[Saved entries]
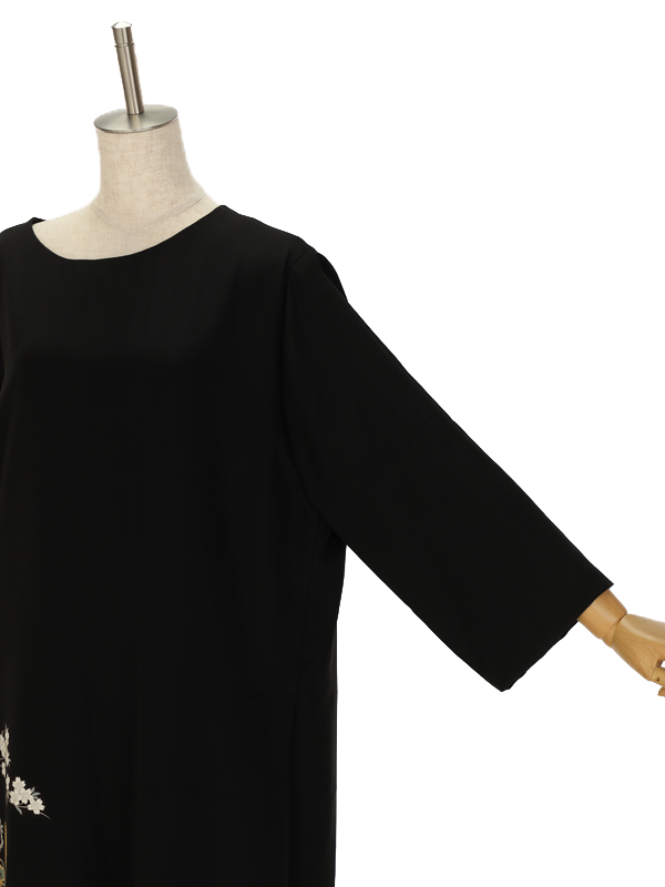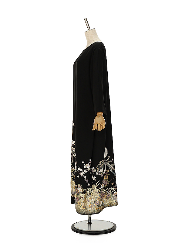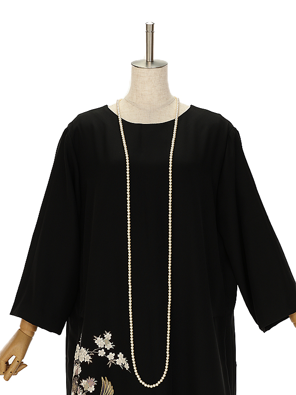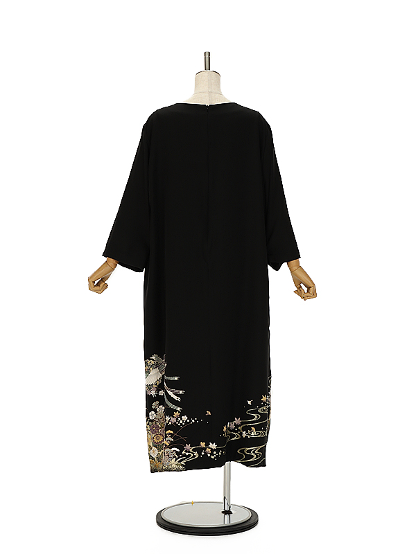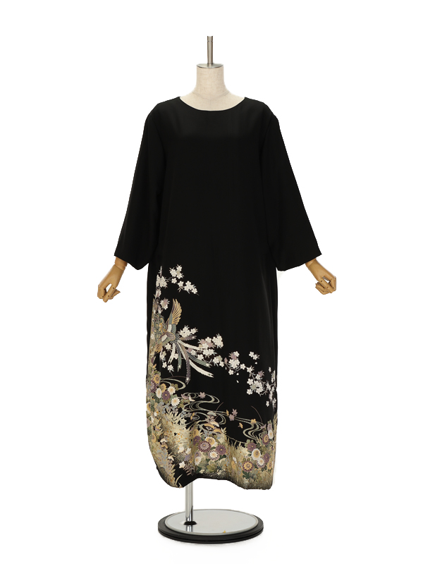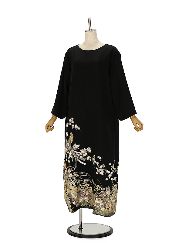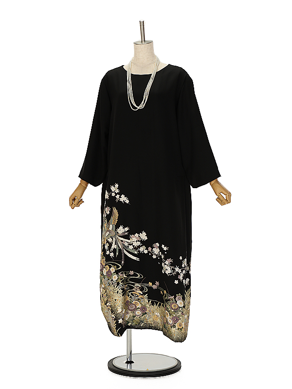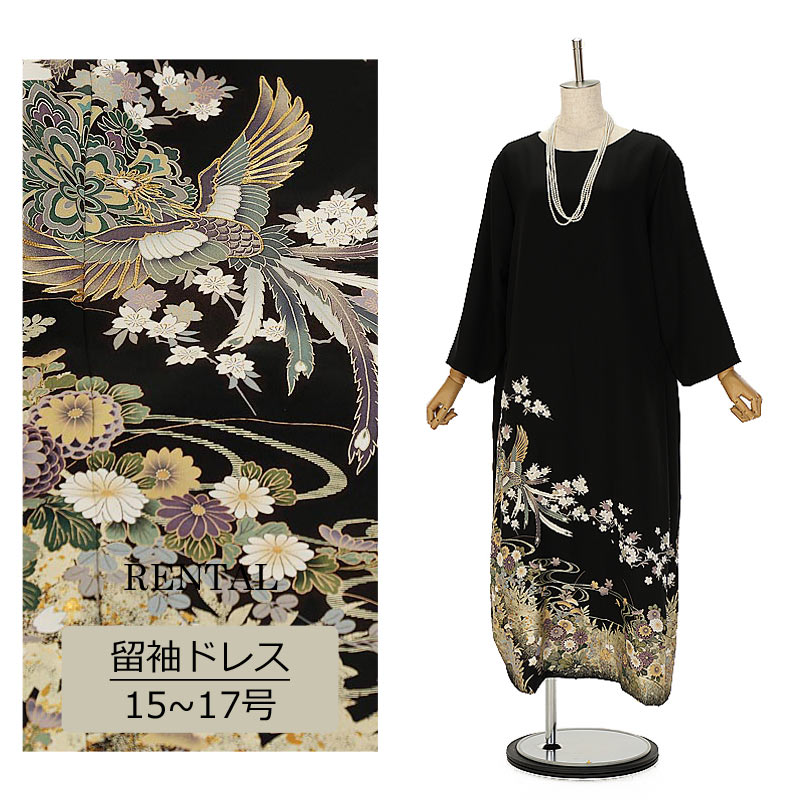 【レンタル】留袖ドレス 正絹 15号~17号 鳳凰つがい 流水 秋草花 ネックレス付き 0038 tk 黒留袖 七分袖 きものドレス レディースフォーマル 着物ドレス フォーマルワンピース 簡単着付け 着物リメイク 3L 30代 40代 50代 60代 70代 80代
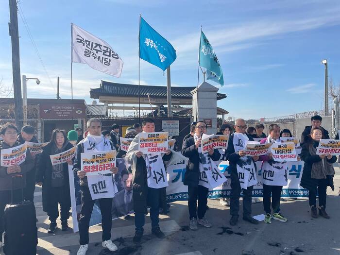 삭발식을 마친 이들은 미군기지 측에 미국에 항의하는 내용을 담은 공개서한을 전하려 했다. 그러나 미군기지 측과 경찰이 가로막았다.
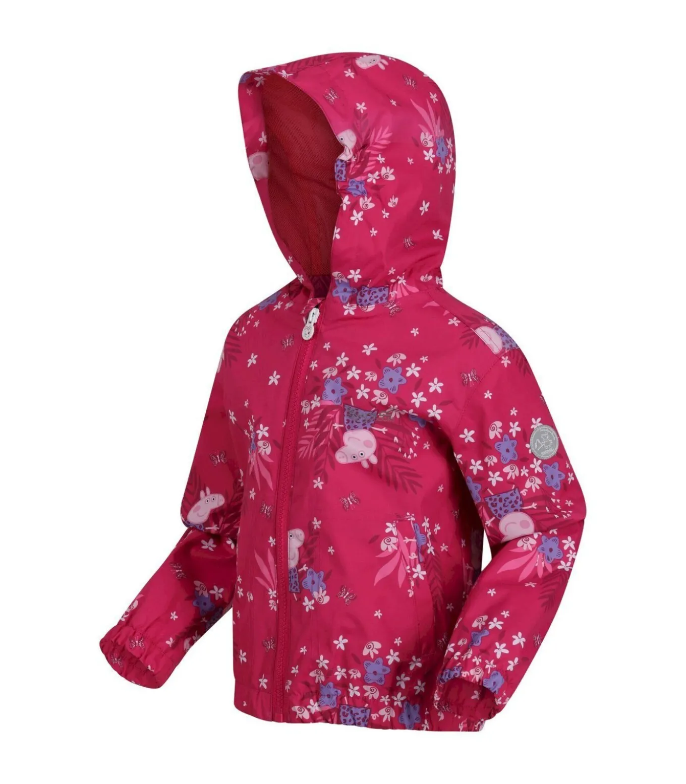 Deze kinderjas van Regatta is officieel gelicenseerde Peppa Pig–kleding. Gemaakt van 100% polyester met een Hydrafort voering en mesh en taffeta materialen. Het all–over printontwerp is voorzien van vlinders, bloemen, planten en het Peppa Pig–logo. Extra functies zijn een gevoerde binnenkant, bedrukt naamlabel, reflecterende afwerking, gesealde naden, getapete naden en een DWR–afwerking waardoor de jas volledig waterdicht is. De capuchon heeft een elastische manchet en een vastgegroeide capuchon met elastiek. Twee zakken aan de onderkant en een volledige ritssluiting bieden opbergruimte en gemak bij het aankleden. Een elastische zoom helpt de elementen buiten te sluiten. Deze hoogwaardige en functionele kinderjas zal zeker een favoriet zijn van elke Peppa Pig fan.
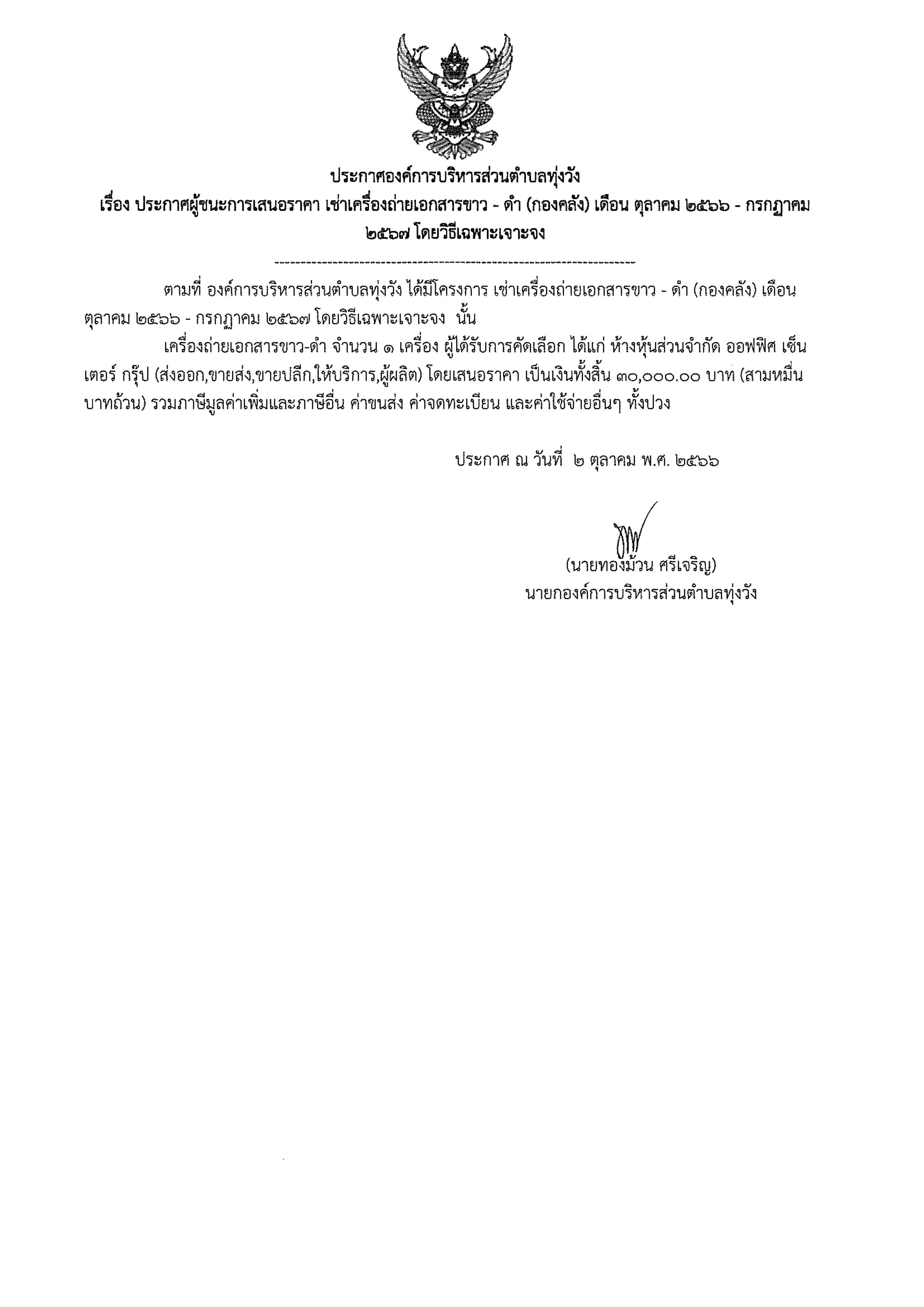 ประกาศผู้ชนะการเสนอราคา เช่าเครื่องถ่ายเอกสารขาว-ดำ (กองคลัง)
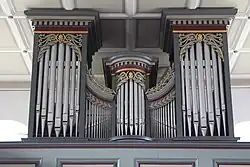 Die heutige Orgel baute Walcker 1953 mit 13 Registern, die sich auf zwei Manuale und Pedal verteilen. Der barocke Prospekt hat einen niedrigen Rundturm, der von zwei Flachfeldern flankiert wird. Diese schmiegen sich an die äußeren beiden hochrechteckigen Felder an, die bis an die Decke reichen. Die Disposition lautet wie folgt:[17]
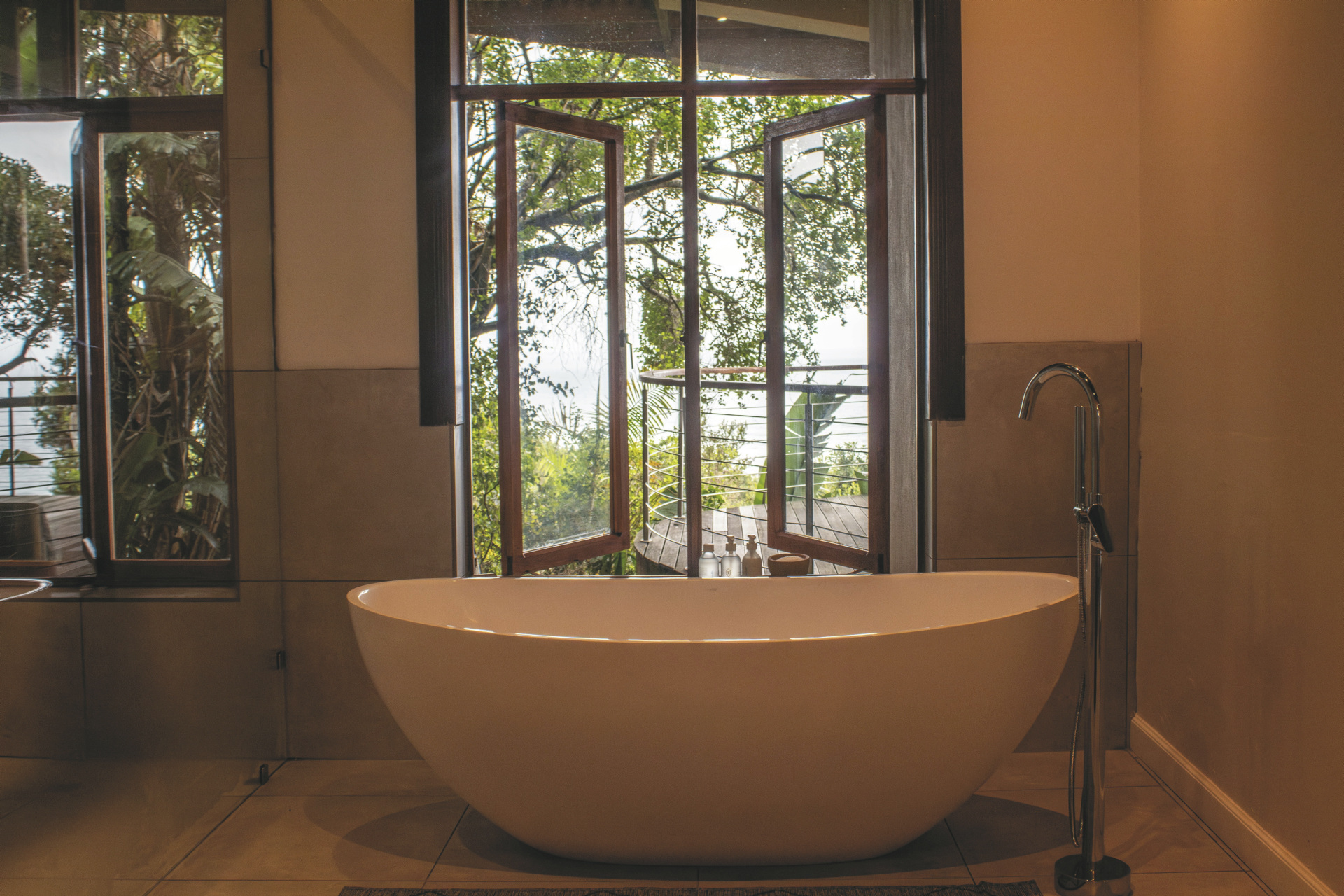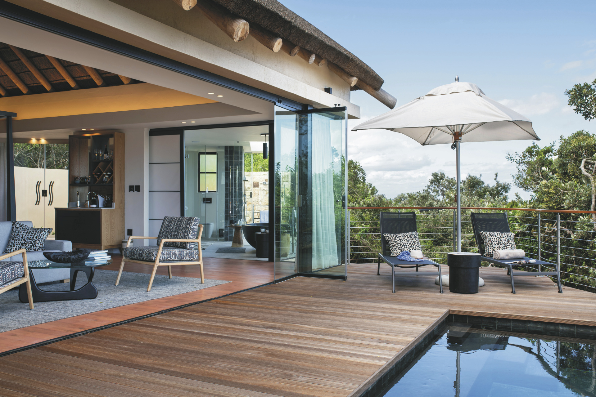 Die 3 etwas kleineren Lodge-Suiten befinden sich im Hauptgebäude. Die 4 Ocean-Suiten liegen ein wenig versteckt im Wald und bieten zwei Badezimmer, eines mit Dusche und eines mit einer Jacuzzi-Badewanne. Absolut exquisit sind die 2 Pool-Suiten mit einer zusätzlichen Außendusche, einem Plunge Pool, einem gemütlichen Tagesbett sowie einer Feuerstelle auf der Terrasse, und nicht zu vergessen die spektakuläre Aussicht über das Reservat bis zum Meer. Alle Suiten verfügen über ein helles Bad mit großen Panoramafenster vor der Badewanne und der Dusche, einen Loungebereich, Safe, TV, Minibar, Tee-/Kaffeezubereiter, kostenloses WLAN, Klimaanlage und eine große Terrasse. Die Fensterfront lässt nicht nur viel Licht in die Suiten, sie kann auch großzügig geöffnet werden und bieten so ein tolles Ambiente.Für größere Familien und kleine Gruppen bietet sich das Private House an. Auf 2 Etagen verteilen sich 3 Schlaf- und Badezimmer, eine Fernsehlounge, die Küche sowie ein geräumiges Wohn-/Esszimmer mit TV und Kamin für gemeinsame Stunden. Jedes Zimmer hat entweder Zugang zur großen Terrasse, wo sich auch ein Plunge Pool befindet oder einen eigenen Balkon.

PROBLEM STATEMENT - Return all the data exactly, and keep the pictures out.

EXERCISE OUTPUT -
 【レンタル】留袖ドレス 正絹 15号~17号 鳳凰つがい 流水 秋草花 ネックレス付き 0038 tk 黒留袖 七分袖 きものドレス レディースフォーマル 着物ドレス フォーマルワンピース 簡単着付け 着物リメイク 3L 30代 40代 50代 60代 70代 80代
 삭발식을 마친 이들은 미군기지 측에 미국에 항의하는 내용을 담은 공개서한을 전하려 했다. 그러나 미군기지 측과 경찰이 가로막았다.
 Deze kinderjas van Regatta is officieel gelicenseerde Peppa Pig–kleding. Gemaakt van 100% polyester met een Hydrafort voering en mesh en taffeta materialen. Het all–over printontwerp is voorzien van vlinders, bloemen, planten en het Peppa Pig–logo. Extra functies zijn een gevoerde binnenkant, bedrukt naamlabel, reflecterende afwerking, gesealde naden, getapete naden en een DWR–afwerking waardoor de jas volledig waterdicht is. De capuchon heeft een elastische manchet en een vastgegroeide capuchon met elastiek. Twee zakken aan de onderkant en een volledige ritssluiting bieden opbergruimte en gemak bij het aankleden. Een elastische zoom helpt de elementen buiten te sluiten. Deze hoogwaardige en functionele kinderjas zal zeker een favoriet zijn van elke Peppa Pig fan.
 ประกาศผู้ชนะการเสนอราคา เช่าเครื่องถ่ายเอกสารขาว-ดำ (กองคลัง)
 Die heutige Orgel baute Walcker 1953 mit 13 Registern, die sich auf zwei Manuale und Pedal verteilen. Der barocke Prospekt hat einen niedrigen Rundturm, der von zwei Flachfeldern flankiert wird. Diese schmiegen sich an die äußeren beiden hochrechteckigen Felder an, die bis an die Decke reichen. Die Disposition lautet wie folgt:[17]
 Die 3 etwas kleineren Lodge-Suiten befinden sich im Hauptgebäude. Die 4 Ocean-Suiten liegen ein wenig versteckt im Wald und bieten zwei Badezimmer, eines mit Dusche und eines mit einer Jacuzzi-Badewanne. Absolut exquisit sind die 2 Pool-Suiten mit einer zusätzlichen Außendusche, einem Plunge Pool, einem gemütlichen Tagesbett sowie einer Feuerstelle auf der Terrasse, und nicht zu vergessen die spektakuläre Aussicht über das Reservat bis zum Meer. Alle Suiten verfügen über ein helles Bad mit großen Panoramafenster vor der Badewanne und der Dusche, einen Loungebereich, Safe, TV, Minibar, Tee-/Kaffeezubereiter, kostenloses WLAN, Klimaanlage und eine große Terrasse. Die Fensterfront lässt nicht nur viel Licht in die Suiten, sie kann auch großzügig geöffnet werden und bieten so ein tolles Ambiente.Für größere Familien und kleine Gruppen bietet sich das Private House an. Auf 2 Etagen verteilen sich 3 Schlaf- und Badezimmer, eine Fernsehlounge, die Küche sowie ein geräumiges Wohn-/Esszimmer mit TV und Kamin für gemeinsame Stunden. Jedes Zimmer hat entweder Zugang zur großen Terrasse, wo sich auch ein Plunge Pool befindet oder einen eigenen Balkon.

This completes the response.